As he sips his coffee, a car rattles off the road onto the rough ground of the site. He spreads the slats of the plastic blinds in his window so he can see through, and watches Alison Evans’ battered red SUV pull toward his trailer. He’s never worked with a forewoman before—he’s never even met a woman who wanted to be one—but so far Alison is working out well, keeping the project on track, as far she’s able. The biggest delays have come from the weather, though after watching her work Martin wouldn’t be surprised to see her whip the elements into line, too.
She climbs from her car with a scarred yellow hardhat, and walks toward the trailer with the graceful lope of a cowgirl. Her hair is spiky and short, blonde laced with gray, and she reminds Martin of female characters he’s seen in science fiction movies, blasting through alien hordes with oversized guns in their arms. He sets down his coffee cup and steps out of the trailer to meet her.
“Good morning,” he says.
She nods. “Mr. Blaskett.”
“Alison. Please. Just call me Martin.”
“I forgot.” She smiles, brightening her face so Martin pictures ice struck by sunlight and the thin web of wrinkles beside each of her eyes expanding cracks in its surface.
“Good weekend?” He crosses his arms across his chest but the stance feels both unfriendly and painful so he slides his hands into back pockets. That position is uncomfortable, too, it feels like a pose, so he lets his hands hang at his sides with nothing to do.
“Not bad,” she says. “Brought Jake, Jr. up to the lake. Painted the bathroom. Nothing special.” She doesn’t ask about his own weekend, but looks at him as if she’s waiting to hear.
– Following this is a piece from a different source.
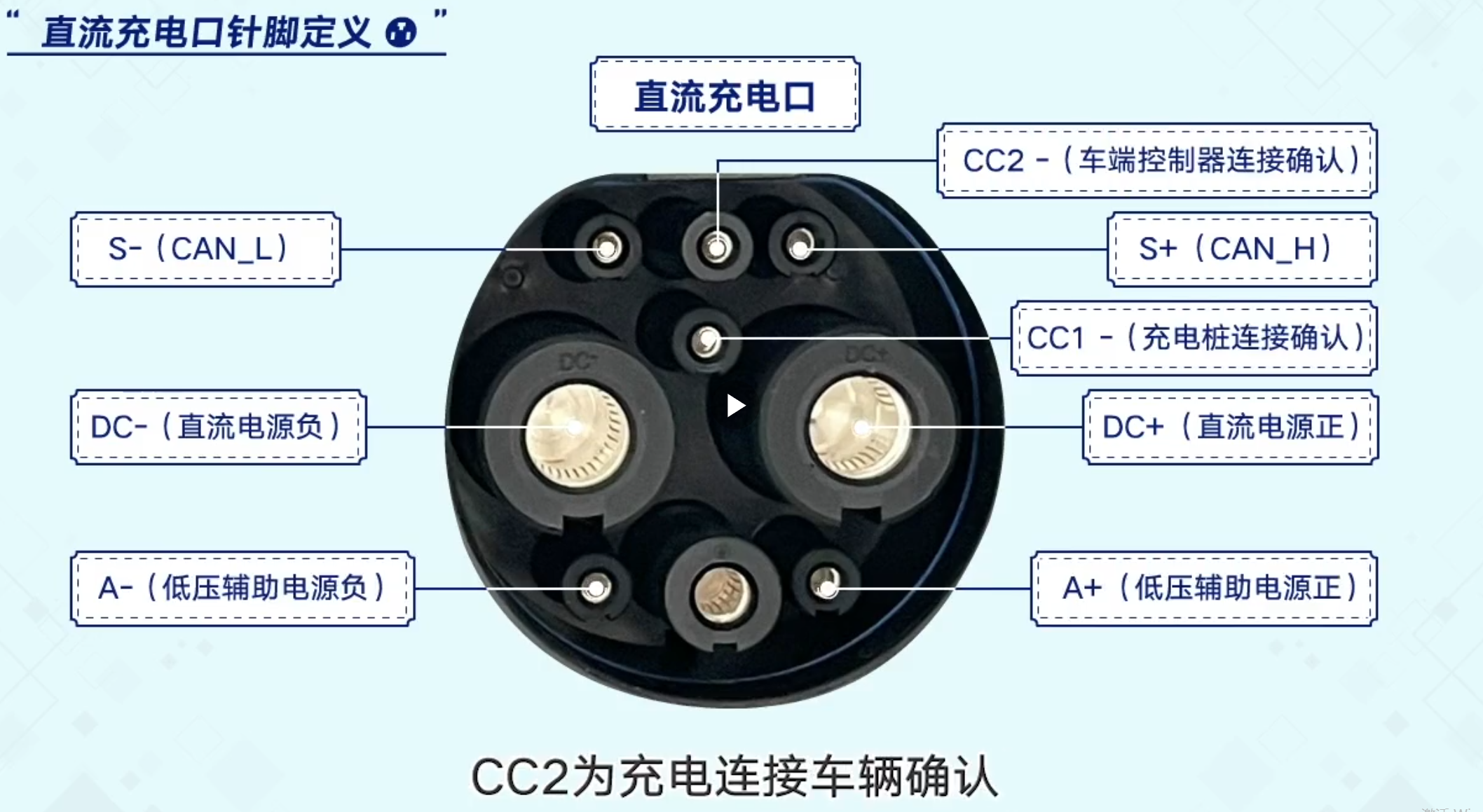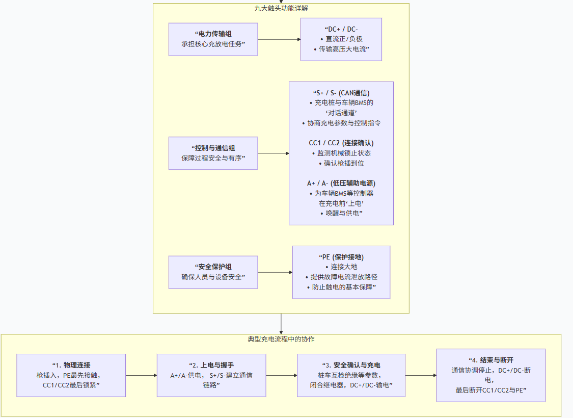 充电枪共 9 个触头,分别对应直流正(DC+)、直流负(DC-)、保护接地(PE)、CAN 通信(S+/S-)、连接确认(CC1/CC2)、低压辅助电源(A+/A-)

“I went for a hike yesterday, out that way.” He points toward where he entered the woods, and hopes he looks like he knows where he’s pointing. Martin doesn’t mention how easily he became lost in the forest. He tries to sound casual as he adds, “I ran into a bear.”
“
Yeah?” Alison leans closer.
“It attacked me, actually.” He traces a finger through the air in front of his chest. “I’ve got cuts here, and bruises all over my ribs.” Martin grabs the front of his shirt, as if he’s going to lift it and show her the bruises, then suddenly stops, embarrassed. He’s afraid his attempt at nonchalance has come across as lunacy, or macho bragging.
“Oh my God! Are you okay?”
“Gil thinks so.”
“Lucky it didn’t kill you,” she says. “Bear attack, that’s something.”
The sound of approaching engines grows louder, and they turn toward the road at the edge of the site.
“Not a lot of folks get attacked by a bear. And live, I mean. Lots of folks get attacked.”
“Really?”
“Maybe you should go to the hospital.”
“I thought so, too, but Gil patched me up. He said the cuts aren’t deep.” Gil’s explanations made sense at the time, but now, as he repeats them out loud, Martin begins second-guessing how easily he was persuaded.
“Well, he would know.”
He’s about to ask Alison about her son or some other part of her life beyond this project, anything to turn the conversation away from himself and to find out more about her. But the half-formed question on the tip of his tongue is interrupted by the rumble of vehicles bumping onto the shoulder between the site and the road.
Members of the crew begin arriving in heavy trucks with doors that don’t match. The bulldozer operator rumbles up on the motorcycle he assembled himself from spare parts, or so Martin has heard. The crew is still small at the moment, just enough men run an excavator, a bulldozer, and a dump truck; this is their first day on the site, replacing the tree crew who finished on Friday.